# Employer filled Out RP50 Form whats next



## volvic35 (4 May 2011)

Any give us tips and does this sound right.

My partner was laid off work since January and after been told time and time again that they would have work from him,it has come to the employer filling out a RP50 and saying that they cant afford to pay my partner so they've filled out section b on the form and have said they'll send it off.

Can some one tell me where this goes? And how long should it take to hear anything back (struggling big time with mortgage etc....) should we make anymore contact with employer etc....

We're at a lose of what to do next.

Any help would be great.


----------



## Ildánach (5 May 2011)

This goes to the Department of Enterprise for them to consider whether the Social Insurance Fund should pay your redundancy or whether your employer is still liable.

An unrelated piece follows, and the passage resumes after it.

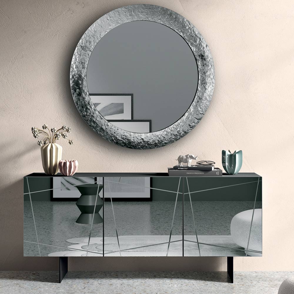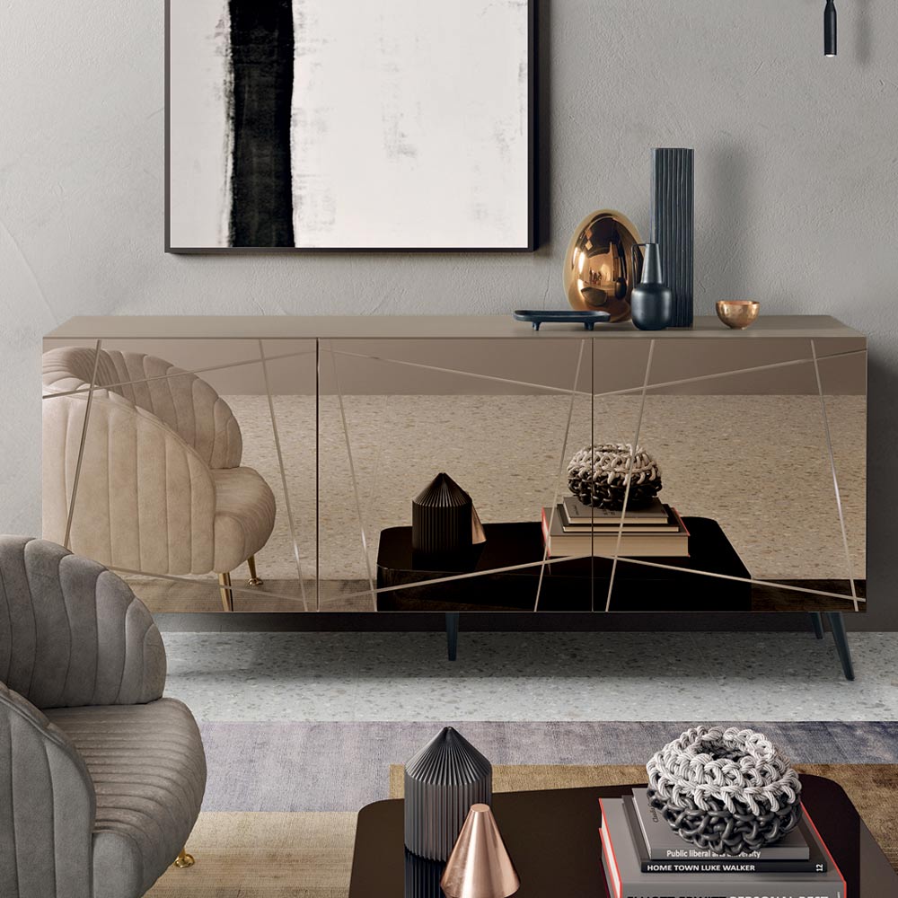 A estrutura em melamina abriga portas revestidas em vidro espelhado bronze ou fumê , adornadas com gravuras decorativas que se entrelaçam num elegante design gráfico. Este detalhe realça a superfície refletora, criando uma interação refinada de luz e profundidade.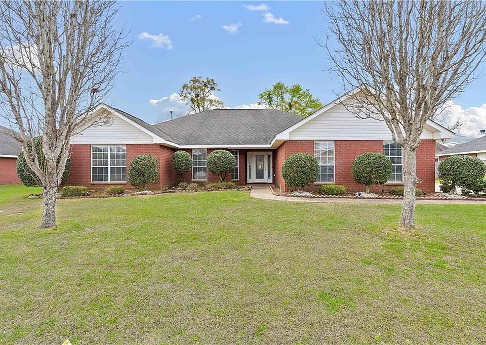 **Seller to install new roof** This immaculate brick 3 bedroom, 2 bath home located in Mobile County's highly desired public school district is MOVE-IN READY boasting neutral paint colors throughout and over 2,050 square feet just waiting for you to make your very own! Upon entering the front door, you will find yourself in the large welcoming foyer area with a view to the spacious living room featuring nice vaulted ceilings and a gas fireplace! The living room flows into your large kitchen with stainless appliances, a large kitchen island, large eat-in dining area and MORE!! The large master bedroom features a walk-in closet as well as a master bathroom featuring a double vanity and separate tub & shower. The two additional bedrooms are also very spacious with nice large closets. This home has so much to offer with the attached double garage as well as a driveway with a parking pad for additional/overflow parking, as you will need when you entertain your guests on your lovely covered back patio. Whether your vision is adding a pool, hot tub or possibly even a fire pit area, the possibilities are endless with all of the space offered in your nice private backyard! Call your favorite realtor today to see this West Mobile Beauty!!

They are currently processing claims submitted in September of last year, so you can expect at least a 6 month wait for payment.  You can check up on progress of the application on the redundancy status queries line on 059 9178990

Have you submitted a Jobseekers Benefit claim?  If you are struggling while this is being processed you can approach your Community Welfare Officer for Supplementary Welfare Allowance pending the application.  http://www.welfare.ie/EN/Schemes/Su...Pages/BasicSupplementaryWelfareAllowance.aspx

If you are struggling with your mortgage, you may be eligible for Mortgage Interest Supplement.  See more details here http://www.welfare.ie/EN/Schemes/SupplementaryWelfareAllowance/Pages/MortgageInterstSupplement.aspx


----------



## SPC100 (26 May 2011)

They also need to get details on the employers inability to pay, so your employer will have to provide more information, than just the form. You may have to chase your employer to provide this information. (it is the "Proof" that they can't pay)

The DETE have a web page all about this, google it and you will find it.

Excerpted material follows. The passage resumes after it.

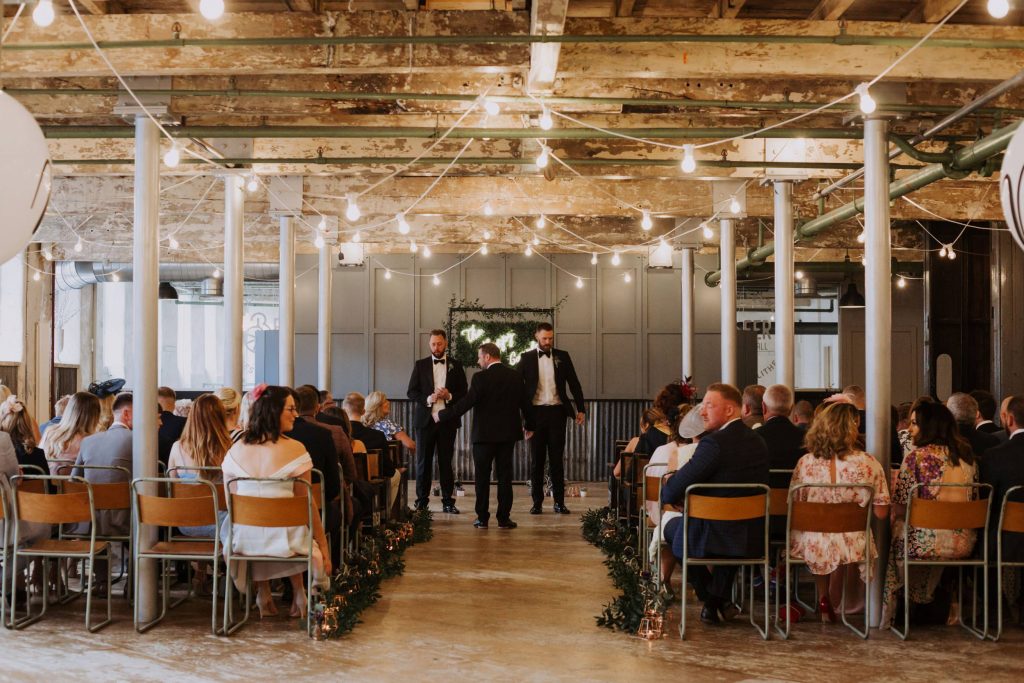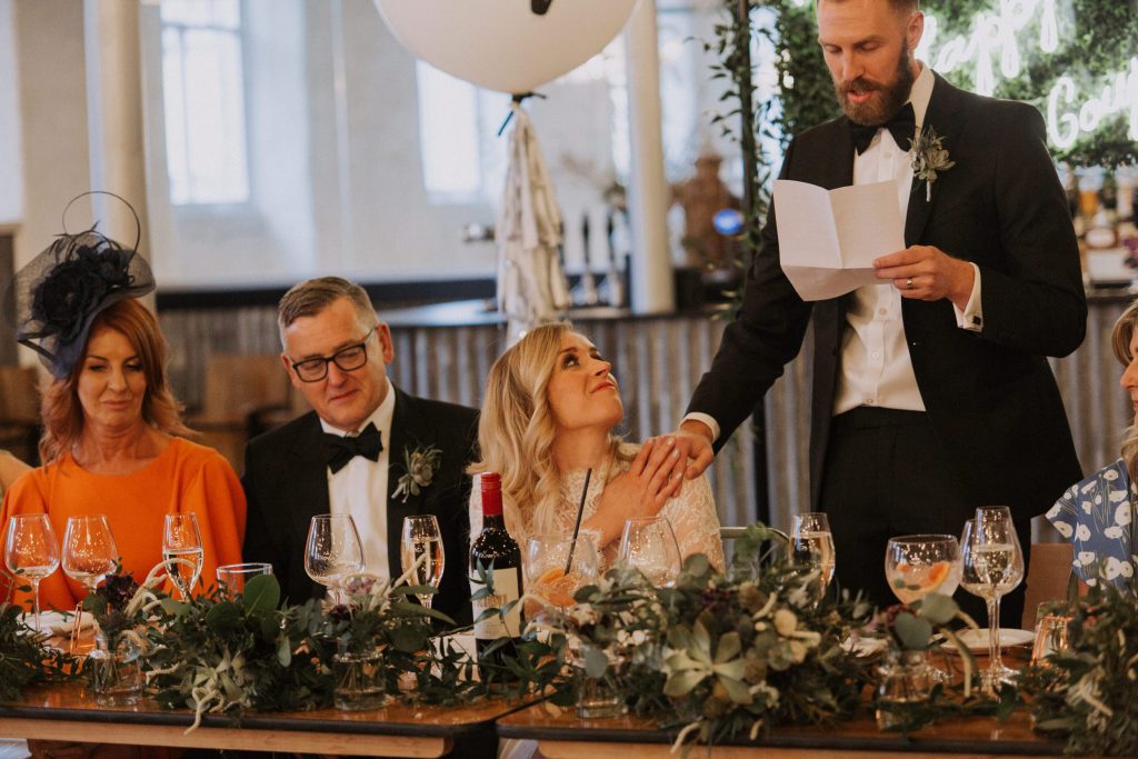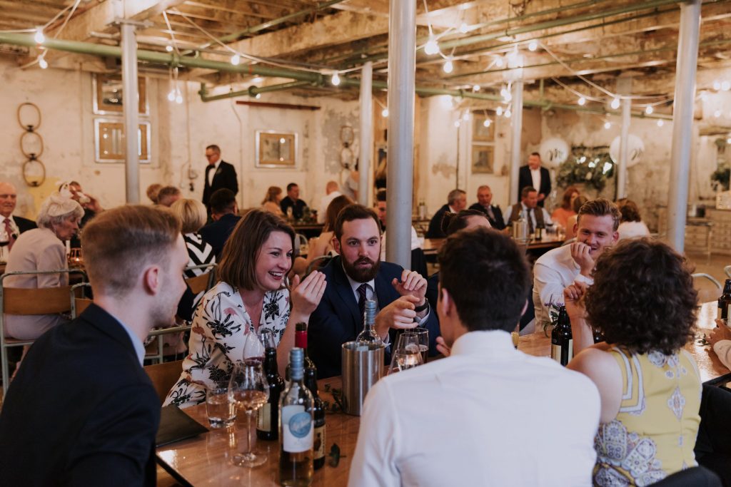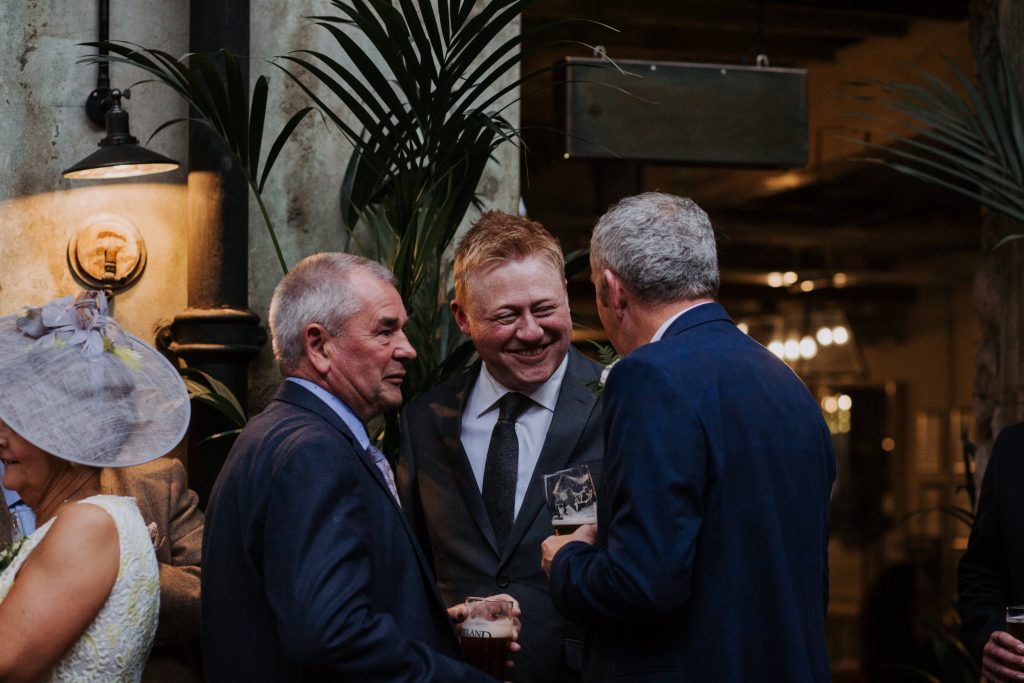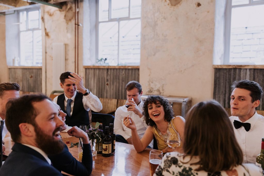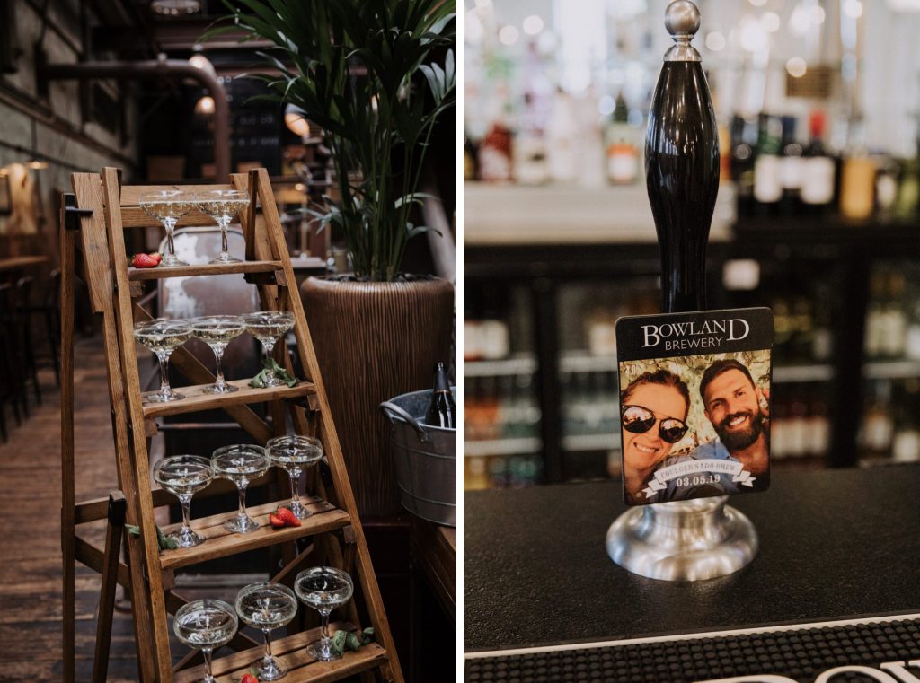 The wedding took place in the old mill upstairs, and was a huge brick room which overlooks the brewing area. Filled with festoon lights, Mr & Mrs balloons and a cool ‘The Happy Couple’ neon sign, they said their vows with everyone smiling around them 😀

N.B. If your employer did not include the proof they will return the RP50 to them, and you may be none the wiser.

Ring the DETE to ensure they have received and registered your form on the system, and ask what date they received it on. They are dealing with a lot of paper work and some get lost...Ask them if they have all the information they need.


The DETE update their web page to show what month they are now processing. You can setup up a  simple web page monitor for that page (google "webpage change detection"), which will send you an email every time they change the page, so you can see how things are progressing.


----------